Your objective
Return exactly, please, the lines from the one containing "UU25变压器骨架UU25电木骨架UU25高频骨架 立式单槽双孔骨架 YT-2504" to the last line of the entries below, and nothing else, leaving pictures out.

(Dataset items)
═══
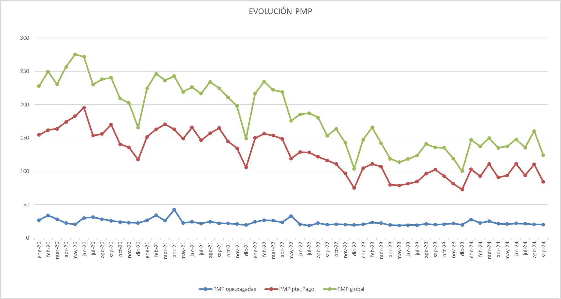 Se puede observar que la curva correspondiente al PMP de las operaciones pagadas (en azul) denota bajos períodos con carácter general, aunque puntualmente sobrepasan los 30 días, normalmente se sitúan en períodos inferiores.
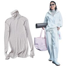 「最低3枚は重ねたい今季は、実はノースリタートルが重宝。腕周りもごわつかないからメリットしかない!スウェットとシャツの色味を揃えるとうまくまとまります」(池田さん)。ル フィルなら嬉しいカップ付き♡
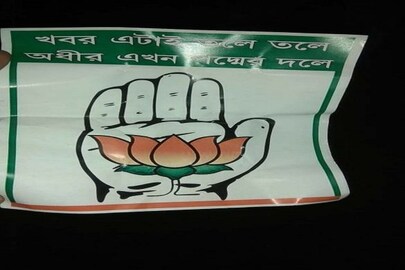 #ডোমকল: শীতের ঘুম থেকে উঠে ডোমকলবাসীর চোখ পরল দেওয়ালে। দেওয়ালে সাঁটানো পোস্টার। তাতে আঁকা কংগ্রেসের প্রতীক চিহ্নের মাঝে বিজেপির পদ্মফুল। সঙ্গে লেখা, "খবর এটাই তলে তলে অধীর এখন পদ্মের দলে"। বুঝতে অসুবিধা হয়নি ইঙ্গিত এর তীর কংগ্রেস নেতা অধীর চৌধুরীর দিকে। আর তাতেই রাজনৈতিক শোরগোল ডোমকলের ভাতসালা বাজার এলাকায়। কংগ্রেস নেতৃত্বের দাবি কংগ্রেসের বিরুদ্ধে অপপ্রচার ছড়াতেই বিরোধীদের বিভ্রান্তিকর এই পোস্টার।
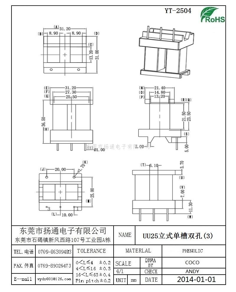UU25变压器骨架UU25电木骨架UU25高频骨架 立式单槽双孔骨架 YT-2504
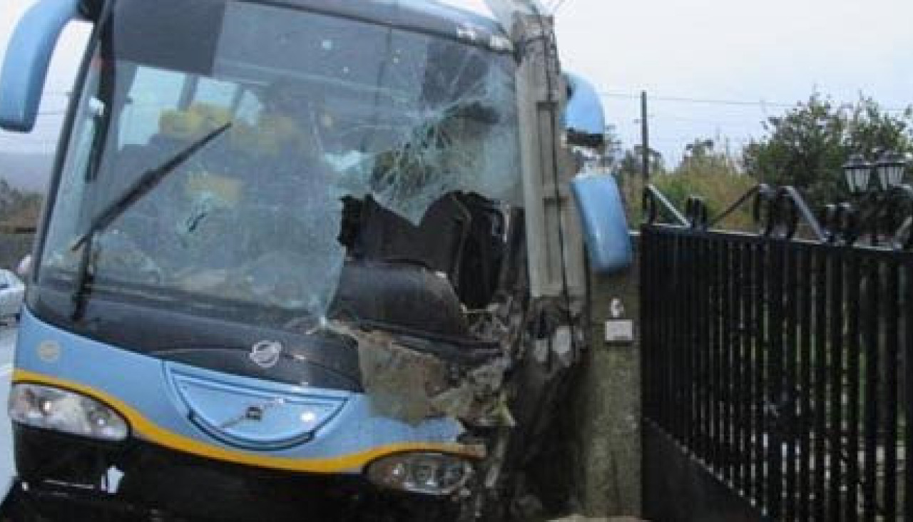 Un riveirense de O Touro, J.L.V., de 42 años, resultó herido leve en un accidente de tráfico con el autobús de transporte escolar que conducía sin pasajeros, pues aún no iniciara la ruta. El siniestro se produjo poco antes de las ocho menos cuarto de la mañana de ayer en la AC-550, en Carballosa (O Son). El Volvo 1251-GPH que pilotaba se salió de la vía, al parecer, al intentar esquivar a un coche, e impactó con un muro y un poste de hormigón del tendido eléctrico. Inicialmente, se indicó que el chófer quedara atrapado, pero al llegar los Bomberos de Riveira ya estaba fuera del mismo, al parecer tras salir por un hueco del parabrisas.
═══
Output of the task
UU25变压器骨架UU25电木骨架UU25高频骨架 立式单槽双孔骨架 YT-2504
 Un riveirense de O Touro, J.L.V., de 42 años, resultó herido leve en un accidente de tráfico con el autobús de transporte escolar que conducía sin pasajeros, pues aún no iniciara la ruta. El siniestro se produjo poco antes de las ocho menos cuarto de la mañana de ayer en la AC-550, en Carballosa (O Son). El Volvo 1251-GPH que pilotaba se salió de la vía, al parecer, al intentar esquivar a un coche, e impactó con un muro y un poste de hormigón del tendido eléctrico. Inicialmente, se indicó que el chófer quedara atrapado, pero al llegar los Bomberos de Riveira ya estaba fuera del mismo, al parecer tras salir por un hueco del parabrisas.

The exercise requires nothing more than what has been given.